Familiarise yourself with these functions.

In [4]:
number_string = "42"
number = int(number_string)  # Converts "42" to integer 42
type(number)

int

## Exercise 1: Molecular Formula Parser

**Objective:** Write a function `parse_molecular_formula(formula)` that counts atoms in molecular formulas. Start with the simple cases, but design your solution to handle increasingly complex inputs without major rewrites.

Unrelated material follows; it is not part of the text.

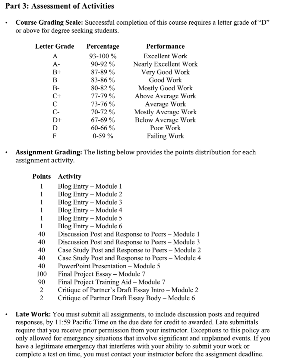 The content of a syllabus is rooted in the purpose that it serves for the instructor, students, and academic institution. For the instructor and students, the syllabus serves as a contract by communicating crucial aspects of the course such as class dates, grading policy, attendance expectations, assignment requirements, and accommodations. Specific to students, the content of a syllabus allows students to assess the relevance and importance of course content to their learning needs as well as how to plan for the course and develop specific study strategies. For the academic institution, the syllabus provides an accountability function and permanent record that is useful when evaluating instructors, courses, and programs. The syllabus provided below is for the “Fundamentals of Law Enforcement Crisis Negotiation” course that I developed as part of the E-Learning and Online Teaching Graduate Certificate Program.
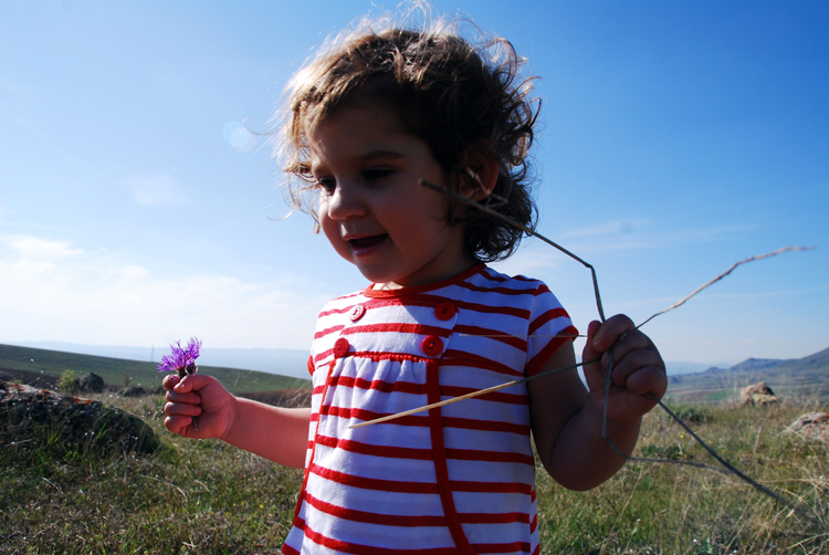 Böylece geçen Cumartesi günü kuzu almayı bahane ederek köyümüzün yolunu tuttuk. Mira bol bol kuzu sevdi. Tavuk kovaladı. Köpekler ile oynadı. Çiçek topladı. Ot yoldu. Atladı. Zıpladı. Koşturdu. Hani arpası fazla gelmiş derler ya… Bizimkine de oksijen fazla geldi galiba… Dönüş yolunda uyur diye beklerken hiç uyumadığı gibi bir de cırcır böceği gibi anlattı durdu.

**Think computationally:** How can you break this problem into smaller, reusable pieces that won't need to be completely rewritten when the requirements change?


Strategy:
- Define a function to count the number of atoms of an element in a formula; if no number is written, assign the value 1 and otherwise assign the number written.
- Identify a pattern that finds elements and numbers of atoms (if given) in formulas using RegEx (https://regex101.com/).
- Initialize a dictionary to which we can add instances of atoms and their number
- Iterate over the RegEx-defined patterns in the formula to fill the dictionary

In [None]:
import re # This is needed in order to use RegEx (regular expressions)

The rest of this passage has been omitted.